Given data =>
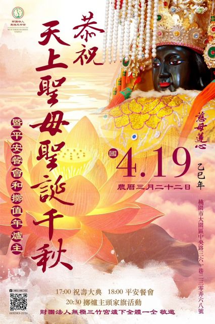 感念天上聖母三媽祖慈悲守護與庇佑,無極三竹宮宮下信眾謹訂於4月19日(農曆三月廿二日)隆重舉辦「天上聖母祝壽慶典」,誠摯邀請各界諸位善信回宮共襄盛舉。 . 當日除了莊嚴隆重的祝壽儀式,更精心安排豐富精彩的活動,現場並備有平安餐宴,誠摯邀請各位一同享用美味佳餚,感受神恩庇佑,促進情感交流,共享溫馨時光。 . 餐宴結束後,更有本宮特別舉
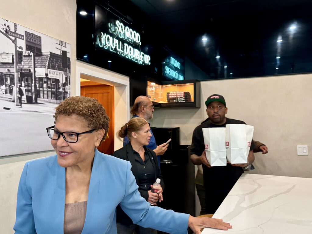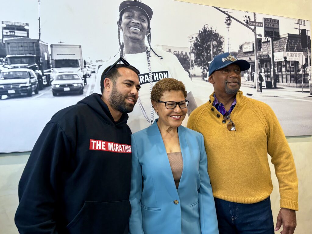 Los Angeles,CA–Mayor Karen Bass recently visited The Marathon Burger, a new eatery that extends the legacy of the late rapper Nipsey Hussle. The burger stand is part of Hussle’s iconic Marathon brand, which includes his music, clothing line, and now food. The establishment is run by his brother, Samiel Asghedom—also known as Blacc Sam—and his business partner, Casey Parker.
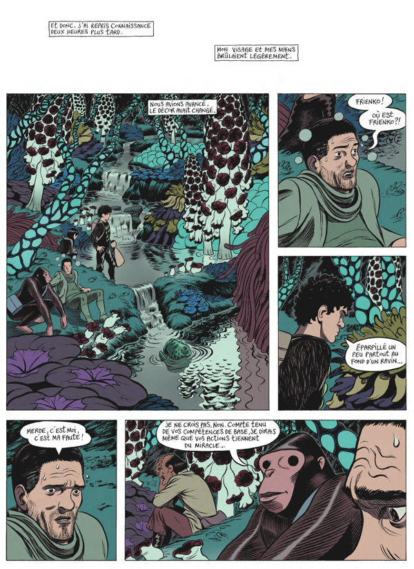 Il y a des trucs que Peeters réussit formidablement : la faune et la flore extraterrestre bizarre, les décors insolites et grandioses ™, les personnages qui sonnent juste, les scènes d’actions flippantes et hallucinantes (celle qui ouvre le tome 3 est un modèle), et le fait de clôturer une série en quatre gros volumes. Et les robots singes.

About this task =>
Set down the data again, exactly, without images.

Response area =>
 感念天上聖母三媽祖慈悲守護與庇佑,無極三竹宮宮下信眾謹訂於4月19日(農曆三月廿二日)隆重舉辦「天上聖母祝壽慶典」,誠摯邀請各界諸位善信回宮共襄盛舉。 . 當日除了莊嚴隆重的祝壽儀式,更精心安排豐富精彩的活動,現場並備有平安餐宴,誠摯邀請各位一同享用美味佳餚,感受神恩庇佑,促進情感交流,共享溫馨時光。 . 餐宴結束後,更有本宮特別舉
 Los Angeles,CA–Mayor Karen Bass recently visited The Marathon Burger, a new eatery that extends the legacy of the late rapper Nipsey Hussle. The burger stand is part of Hussle’s iconic Marathon brand, which includes his music, clothing line, and now food. The establishment is run by his brother, Samiel Asghedom—also known as Blacc Sam—and his business partner, Casey Parker.
 Il y a des trucs que Peeters réussit formidablement : la faune et la flore extraterrestre bizarre, les décors insolites et grandioses ™, les personnages qui sonnent juste, les scènes d’actions flippantes et hallucinantes (celle qui ouvre le tome 3 est un modèle), et le fait de clôturer une série en quatre gros volumes. Et les robots singes.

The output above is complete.